24 September 2005

What's Missing?

So I'm **still** reading Searching For God Knows What, by Donald Miller. It's my bed time reading, which means that sometimes I re-read the same several paragraphs several days in a row before I feel like I really know what I've read and can go on. Not that the writing is all that deep, it's that's how tired I am when I go to bed and read at night.

In the latest chapter Don related how he was once teaching a class at a local Christian college. It was a Bible class. One period he decided to present **the Gospel**. He told the students, (who were all bright, intelligent, Christian young people) that he was going to leave something crucial out. He told them this ahead of time so that they could be listening to hear what was missing. Then he presented **the Gospel** ... the whole thing, the beauty of creation, the Fall, death, morality, etc., etc. God loves us, salvation ... everything but he left Jesus out of it (I'm still not sure how he managed it, but remember I'm reading this at night). And those bright young things never missed it. At first I was shocked, and this was one of the sections I had to read again.

And then the LightHusband began to relay a drama that he has been in the midst of. A certain friend who is a very strong "Christian" (we'll call him Jim) had become very angry with another friend (we'll call him Brian) and behaved in a very angry manner. Brian had responded by saying (essentially -- and in an e-mail), "Hey, wait a minute, aren't you supposed to be religious? The things you say are not lining up with the way you are behaving right now." Jim responded with, "Hey I'm forgiven, I'm not perfect and anyway, I've got Jesus, so I don't have to be perfect. It's not about how I act, it's about what I believe." And continued on and on in a vein that completely absolved himself of any wrong-doing. And tho he mentioned Jesus by name several times, the Jesus who loved people and was merciful and gracious and loving was not part of the "conversation." Don't get me wrong, on his better days, Jim totally believes that he has a burden to "share Jesus" with others. But he's somehow managed to compartmentalize his life in such a way that he doesn't need to change his behavior at all in response to his relationship with his Savior.

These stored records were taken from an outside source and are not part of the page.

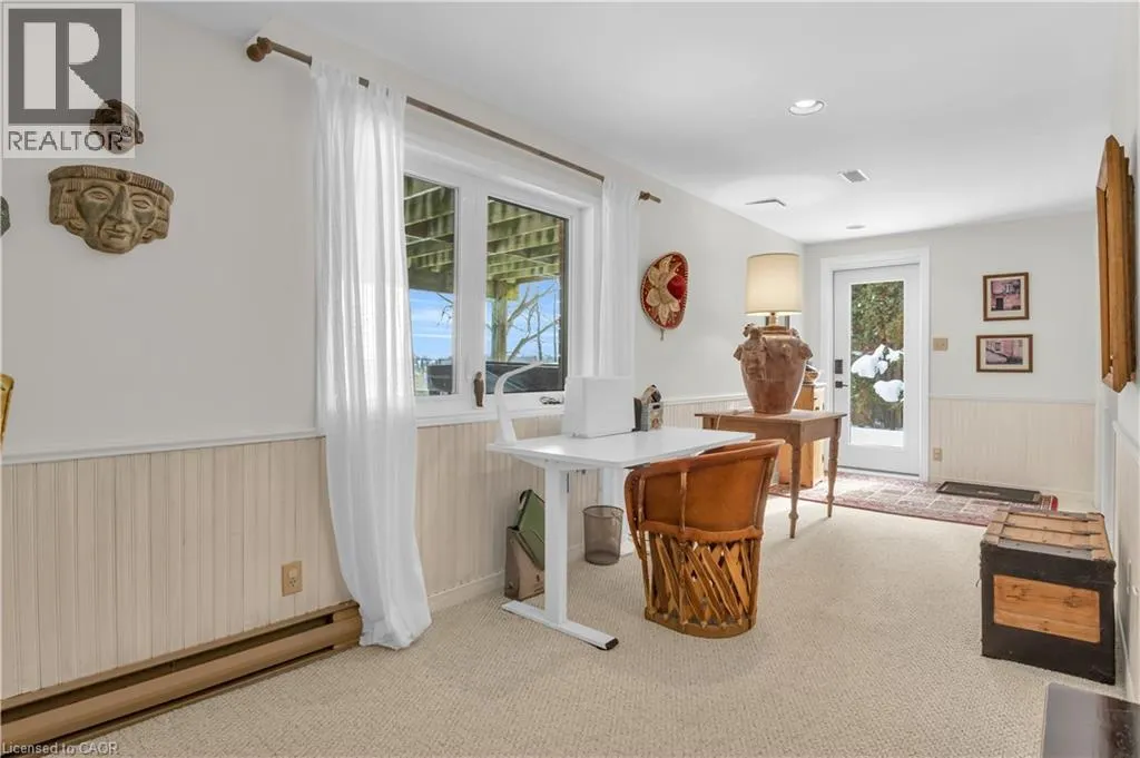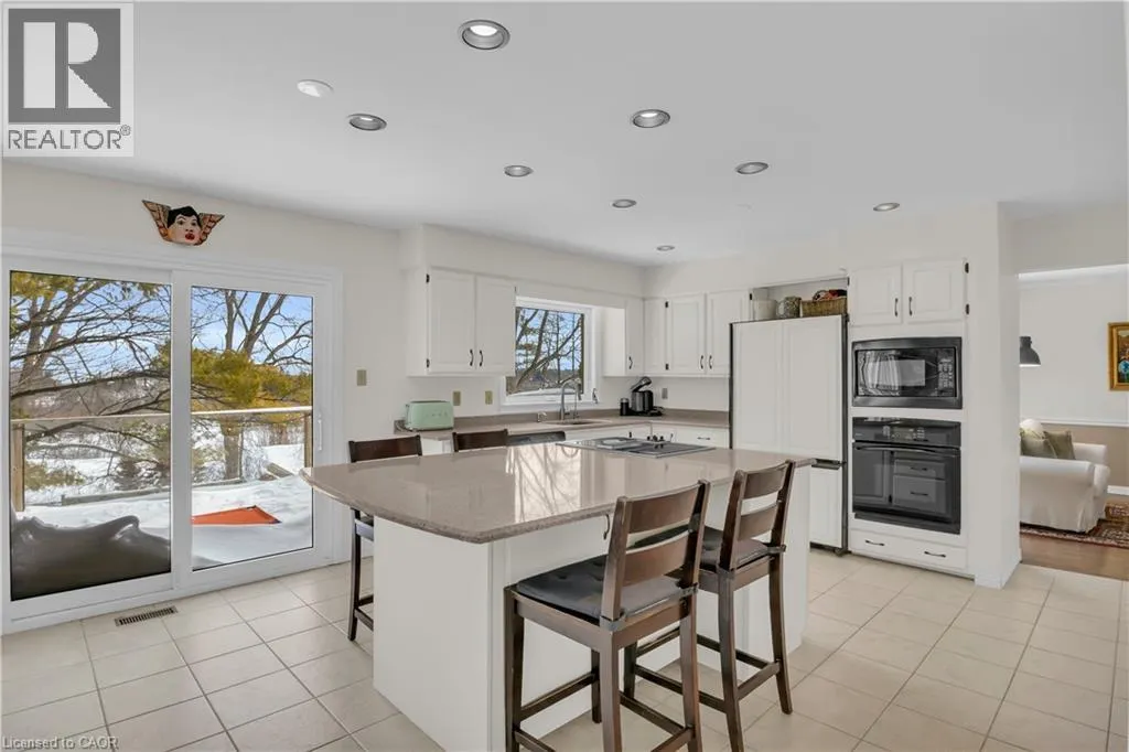 Morrison Rd to Grand River Rd to Tinatawa Rd Welcome to 41 Tinatawa Crt in Kitchener, a well maintained 4+1 bedroom, 3.5 bathroom two-storey home nestled on a quiet court with beautiful views of the Grand River. From the moment you arrive, the spacious foyer and well designed layout set the tone, with a dedicated office behind double glass doors and a formal dining room that flows effortlessly into the bright family room filled with natural light. The heart of the home is the expansive kitchen, featuring a generous eat-in island, quartz countertops, and built-in appliances, offering plenty of space for both daily living and hosting family and friends. Just steps away, the inviting sunken living room showcases built-in shelving and a cozy fireplace, creating a warm and comfortable space to unwind. The main level is complete with a 2-piece bathroom, main floor laundry/mud room with convenient access to the double car garage. On the second floor has a total of 4 bedrooms, 3 share a 4-piece bathroom. The primary suite offers a private retreat with a walk-in closet, separate den, and a spacious 5-piece ensuite with double vanities. The fully finished basement extends the living space even further, featuring a large rec room with a walk-out to the backyard, a bar area, an additional bedroom and bathroom, and ample storage. Outside, the fully fenced backyard is designed for both relaxation and entertaining, complete with a large glass panel deck overlooking a beautiful stone patio and inground pool with scenic views of the Grand River. With walking trails just beyond the property, evenings can be spent enjoying peaceful strolls in a scenic setting. Recent updates include a steel roof (2024), new driveway (2021), new furnace and heat pump (2025) and newer windows (approx. 2021), providing added confidence in the home's upkeep. Located close to Chicopee Ski Hill, shopping, cafes, and everyday amenities, this property offers an exceptional combination of space, comfort, and location. (id:27476)
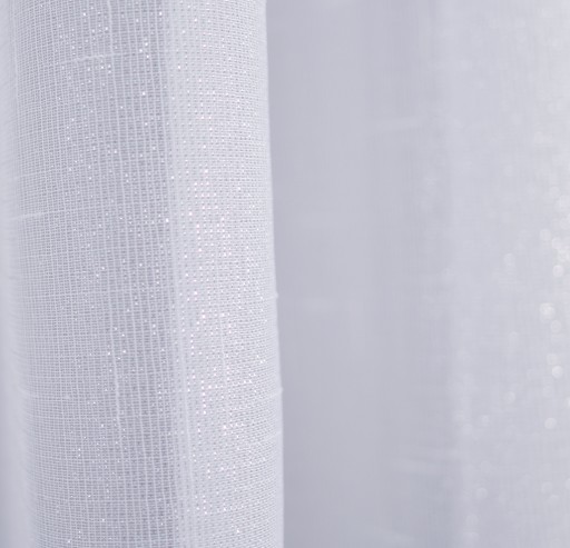Oferujemy państwu firanę z białego batystu, przeplecioną srebrną nicią ( firana z efektem lśniącego szronu).
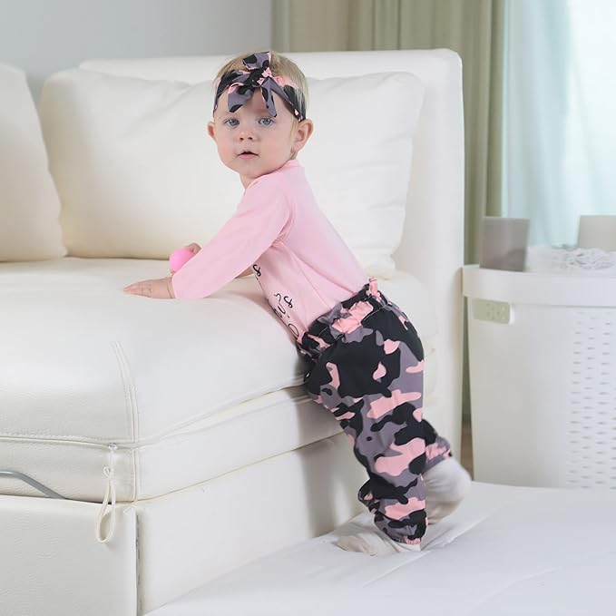 - Cute Baby Girl Camo Outfits---Ruffled layered shoulder, camouflage pants with elastic waist, matching bowknot headband, adorable 3 pcs spring fall winter baby camo clothing girls.

I've been thinking about these kinds of things a lot lately. Sometimes they make me angry. Other times sad. I've been trying to sort myself out. I spent a long time in a church that had some very stern definitions of what it meant to be a Christian. It made life very easy. But it couldn't answer a lot of questions I had. Questions like the one Brian posed to Jim. I don't believe Jim answered it very well ... at least not within the context of what he says he believes.

I think, tho, I'm finally coming to a place where I can put some of those questions to rest. I think that many so-called organized religions are organized around the idea that they can somehow manipulate God to manipulate their fellow human beings. It turns out that Karl Marx may have been right when he declared religion to be an opiate for the masses. Marx wasn't necessarily denouncing God, so much as he was denouncing those who would use God in order to keep His created beings under their thumbs.

On one hand this knowledge makes me angry. On the other hand this makes me sad and then guilty. Sad, because we should all be free to make our own choices. Guilty, because I know for sure that I've done and said things that are so terribly manipulative in the name of God that I'd like to just hide for several hundred years in shame.

This love standard that Jesus gave us ... to love people enough to let them go, let them make their own decisions, even when we know they're bad, wrong, whatever, and continue to love them ... it's brutally hard. But that's where true freedom can also be found and so ... I think that's where I want to go. That's the path I want to follow.